Consider again: medical students doing nurses' (and aides') jobs like taking vital signs 24/7, drawing blood, and putting in all sorts of tubes; a mindless workforce who cannot complain about the job that they do because it's an "initiation" into doctorhood.  With threats of demerits and extended rotations hanging over their heads, they will do whatever pleases you - every Despot's dream.  You will have, in effect, slaves.  Free labor that you can coerce into doing anything.  To make it even more profitable, charge them tuition: to the tune of 100k pesos a year.

Suwabe.  Slaves that actually pay for their servitude.

Fair Din Naman Pala

Initially appeared on doktorko.com 11/6/2005.

A few months ago, during a conversation with the eminent Dr.
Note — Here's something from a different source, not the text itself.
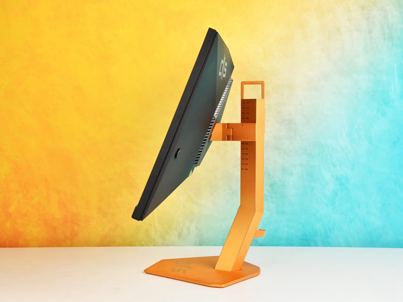 显示器同样支持升降调节,在支架上依旧刻有不同的高度数据,方便玩家随时还原或者参考学习职业哥的数据。

Barias (founder of Doktorko), it came up that if and when i decide to have children, i should make sure that s/he is born here in the US.  I agreed in principle, if only to ensure that my kid has options when s/he grows up (which, when you think about it, is really the only lasting legacy that a parent can bequeath upon his child).  One thing that caught my ear was his statement that the child would have the advantage of having a US Passport - which would allow him or her to travel freely around the world with no restrictions (i.e. without the need for a Visa).
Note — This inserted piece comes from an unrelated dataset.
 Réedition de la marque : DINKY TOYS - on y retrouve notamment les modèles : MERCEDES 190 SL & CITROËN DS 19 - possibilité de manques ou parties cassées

This of course both piqued my interest and provoked my patriotic fervor.  Are the Americans so omnipotent that they can travel anywhere with impunity?!  Grabe na ito, i know they're a rich country (arguably the richest, although baon rin naman sa utang, haha) but to impose restrictions on all travelers entering their country and be unrestricted when they themselves travel?!  Putragis itong mga 'kano na ito!

(As an aside, the reason i feel so passionate about this is that i've known a few Americans - including ones with dual-citizenship - who made so many flag-waving statements (i.e. "I'm so proud to be American!") that it made me sick.  I guess i can forgive the true-blue 'kano - but to have dual citizenship and not be proud of being Filipino?  That's just blind colonialism.)
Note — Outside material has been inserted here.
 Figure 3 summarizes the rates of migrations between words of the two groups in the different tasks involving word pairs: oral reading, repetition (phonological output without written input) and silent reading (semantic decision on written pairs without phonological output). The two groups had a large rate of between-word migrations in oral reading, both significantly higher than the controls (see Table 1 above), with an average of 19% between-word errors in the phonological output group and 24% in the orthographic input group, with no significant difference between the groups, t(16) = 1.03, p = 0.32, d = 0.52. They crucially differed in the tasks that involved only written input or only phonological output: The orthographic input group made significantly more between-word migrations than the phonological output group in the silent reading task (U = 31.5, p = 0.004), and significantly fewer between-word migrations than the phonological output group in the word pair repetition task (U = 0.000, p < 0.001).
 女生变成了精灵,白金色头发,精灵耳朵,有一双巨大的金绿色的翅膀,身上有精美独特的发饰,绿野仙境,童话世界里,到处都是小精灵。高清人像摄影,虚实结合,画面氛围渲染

Still, as with most things, i forgot about that conversation until recently (i.e. this morning).  Then i decided to google it and settle the issue once and for all.

Spending five minutes on research, i found that it's evidently not true that Americans can travel anywhere with gleeful abandon.  True, they can go to many places without travel Visas - but mostly these are First World countries with whom they probably have reciprocating agreements (i.e. the European countries).  And even then, there are stipulations on how long they can stay - usually 90 days before they need to produce more travel documents.  For many countries of interest, they are still required to have travel Visas.

Noteworthy to mention: travel to our beloved Philippines does not require a Visa for the first 21 days; but thereafter it does.  Still unfair, given how much trouble we have to go through when want to go stateside, but not as lopsided as i first thought.

Here's a link.

Oh well, at least this calms me down a little bit.

Not so omnipotent after all.

USMLE Stuff, Postcript

Initially appeared on doktorko.com 2/22/2006.

Hi! musta na? Im currently in cali with my mom and daughter. we're staying with our kuya in his apt.

I just passed step 3, and have accepted a prematch offer from a hospital over here. the program is laid back, very friendly, very warm. i was told they will be converting to a univeristy status this january, and I'm pretty much excited about everything. Im currently taking care of my h1 visa processing.

anyway i just wanted to say thanks for everything. its been a dreadfully long process, and I bugged you almost all throughout. You were of incredible help.  God bless you and your wife, whatever destiny you may desire to pursue.